You’ve just finished reading about structural markup with XML. Hence, it should not surprise you that the Web needs an agreed-upon representation for documents. We’ve already realized that XML-like notation is relatively dense to read. Hence, we benefit from a browser, like Mozilla Firefox, that renders those documents in a form appropriate for human readers and that makes it easy to follow links to new documents. Where do the documents reside? On servers, which store or construct documents and which respond to requests for those documents. Of course, if the servers are to receive requests and respond appropriately, we need an agreed-upon communications protocol that specifies, among other things, how a browser specifies a request for a particular page and how the server can respond. For example, how should the server describe the type of content or indicate that the particular content requested is no longer available?

That sounds like a lot, doesn’t it? For the time being, we will focus on how one writes that pages that compose the Web. Later on, we’ll explore how one builds or extends Web servers and, along the way, we’ll consider issues of the communication protocols involved.

Let’s start with how to build a simple Web page.

HTML, the HyperText Markup Language

When Tim Berners-Lee first developed the World-Wide Web, he designed a simple language for marking up content that he called HTML, for HyperText Markup Language. Although the Web has grown significantly since its origins as a communications systems for Physicists, HTML remains a core Web technology. The HTML of today still looks much like the HTML that Berners-Lee first designed. And, even though HTML predates XML, HTML is now an XML dialect. You should find the structure familiar: an HTML document contains a variety of content along with tags that describe the structure of the content.

An example

<!DOCTYPE html>
<html lang="en">
<head>
  <title>ThingymabobCoInc</title>
  <meta charset="utf-8"/>
  <link rel='stylesheet' href='thingymabobco.css'/>
</head>
<body>
  <h1>ThingymabobCoInc</h1>

  <p id="introduction">
    <em>Welcome</em> to the Web site of
    <em class="company">ThingymabobCoInc</em>.  We are purveyors of
    not only thingys, but also mabobs.
  </p>

  <p>
    Here at <em class="company">ThingymabobCoInc</em>, we say
    <q id="slogan">If you can't find it here, you probably don't need it.</q>
  </p>

  <p>
    <em class="company">ThingymabobCoInc</em> is a proud sponsor of
    the Digital Humanities program at <a href="https://www.cs.grin.edu">The
    College of Smiles</a>.
  </p>
</body>
</html>

You may have noticed that we’ve used somewhat different tags in this document than we used in our XML documents. HTML uses a p tag for paragraphs and an em tag for emphasized text. The a tag is used for links. (Why is it a and not link? I believe Berners-Lee thought of a link as an “anchor” and wanted a concise notation.) We’ve also used head tags to separate the metadata from the content, which appears within a pair of body tags. In this case, we’ve specified only two pieces of metadata: the character set and the title of the document. As we progress through our study of HTML, you will see a few more.

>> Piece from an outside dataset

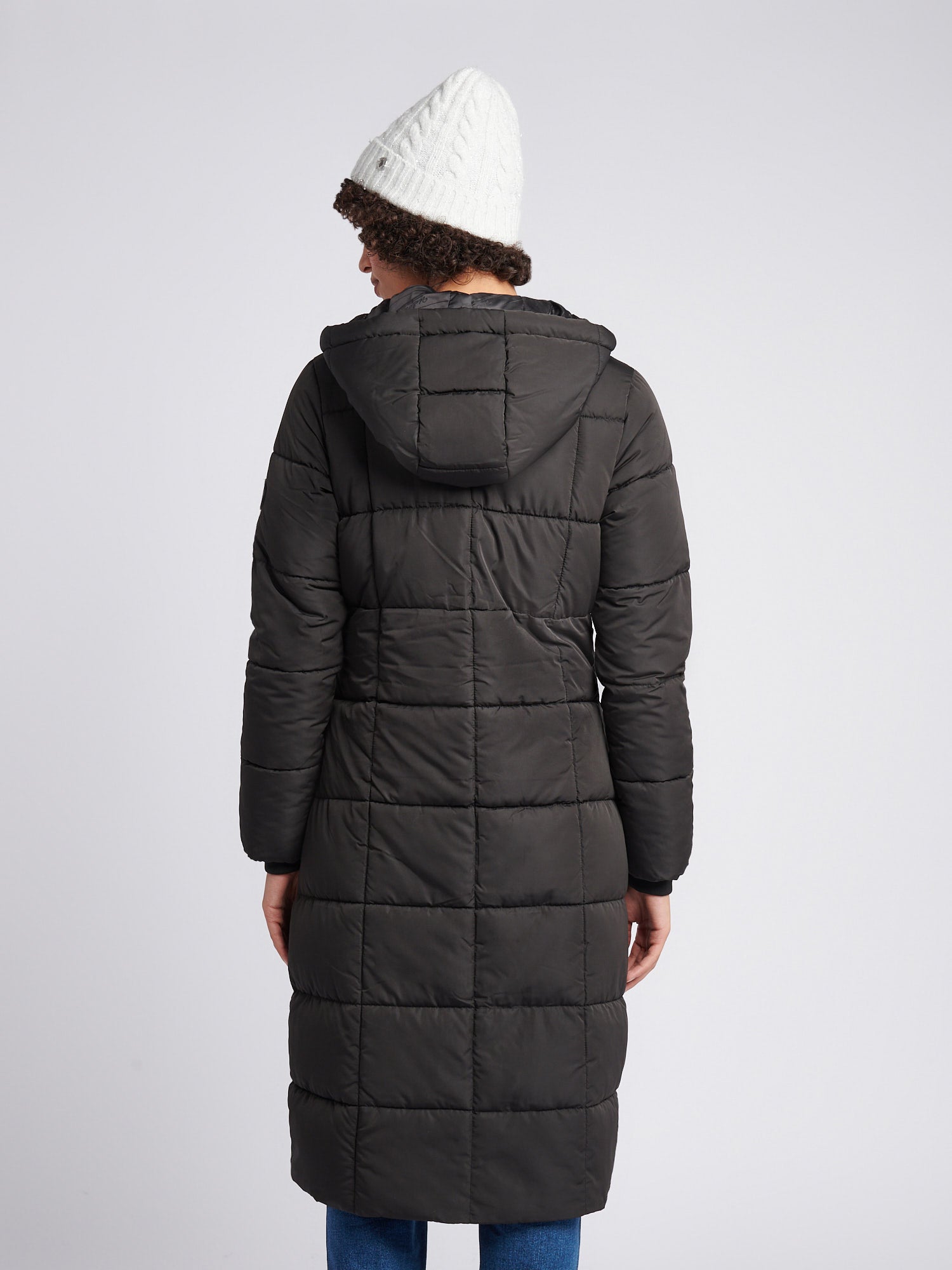 Womens Longline Square Quilt Puffer Coat in Black

You will also find that HTML tends to make comparatively limited use of attributes. Every tag can have a class attribute, which indicates the role or roles the annotated text serves. Tags can also have a style attribute, which describes appearance. Since there are other ways to describe appearance, many pundits discourage the use of the style attribute. Every tag can also have an id attribute, which lets us refer specifically to that element.

There are also some tag-specific attributes, such as the href attribute of the a tag.

Additional tags

As you might expect, HTML specifies a wide array of tags. You can learn about them by reading the official specification or less formal documentation, by looking at the underlying source of any Web pages, and by asking people. For now, we’ll start with a few simple tags. You’ll discover more in the associated lab.

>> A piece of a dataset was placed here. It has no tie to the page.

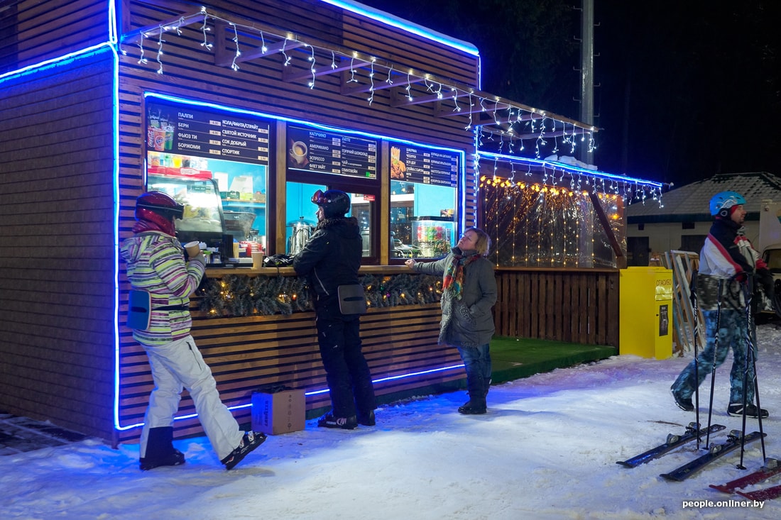 — Люди подъедут ближе к десяти вечера. Даже в такую погоду поедут, потому что 25 рублей платишь — и катаешься четыре часа, то есть на час больше выходит, экономят. Здесь душевно, аниматоры детей развлекают по выходным. В среднем покататься три часа будет стоить рублей 70 плюс дорога, — рассказывает Дмитрий. — Ты, если катаешься, в любом случае замерзаешь и идешь греться в кафе. Я еще термос с собой беру. Туалет достойный, там в прошлом году сделали ремонт. В середине декабря русские приедут, большие очереди на подъемник будут! Домики уже все забронированы на месяц.

  • The p tag marks paragraphs.
  • The em tag marks emphasized text, which usually appears in italics.
  • The strong tag marks strongly emphasized text, which usually appears in boldface.
  • The q tag marks a short quotation.
  • The blockquote tag marks a block quotation.
  • The ul tag marks an unnumbered list of things.
  • The ol tag marks a numbered or lettered list of things.
  • The li tag marks an item in a list (either numbered or unnumbered).
  • The span tag marks a short section of text, typically within a paragraph or something similar. We often use span along with a class attribute to indicate a special role for a piece of text.
  • The div tag marks a longer section of text, typically a paragraph or more. We often use div along with a class attribute to indicate a special role for a longer piece of text.

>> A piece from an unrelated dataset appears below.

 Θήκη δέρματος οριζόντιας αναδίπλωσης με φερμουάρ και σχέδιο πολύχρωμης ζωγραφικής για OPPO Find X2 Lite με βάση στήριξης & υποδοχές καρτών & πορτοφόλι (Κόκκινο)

Formatting text with cascading style sheets

You may have noted that, in most cases, we did not discuss the appearance of the marked-up text . Even when we did, such as when we noted that emphasized text usually appears in italics, we did not make a universal statement. That’s because one can customize the ways in which things appear on Web pages using a technology called cascading style sheets or CSS. Style sheets allow you to provide uniform formatting for pages and to choose a “site theme”, as it were.

How does one associate a stylesheet with a Web page? You may have noted that our sample Web page had the following line.

  <link rel='stylesheet' href='thingymabobco.css'/>

That tells the Web browser to load and apply styles from the file thingymabobco.css.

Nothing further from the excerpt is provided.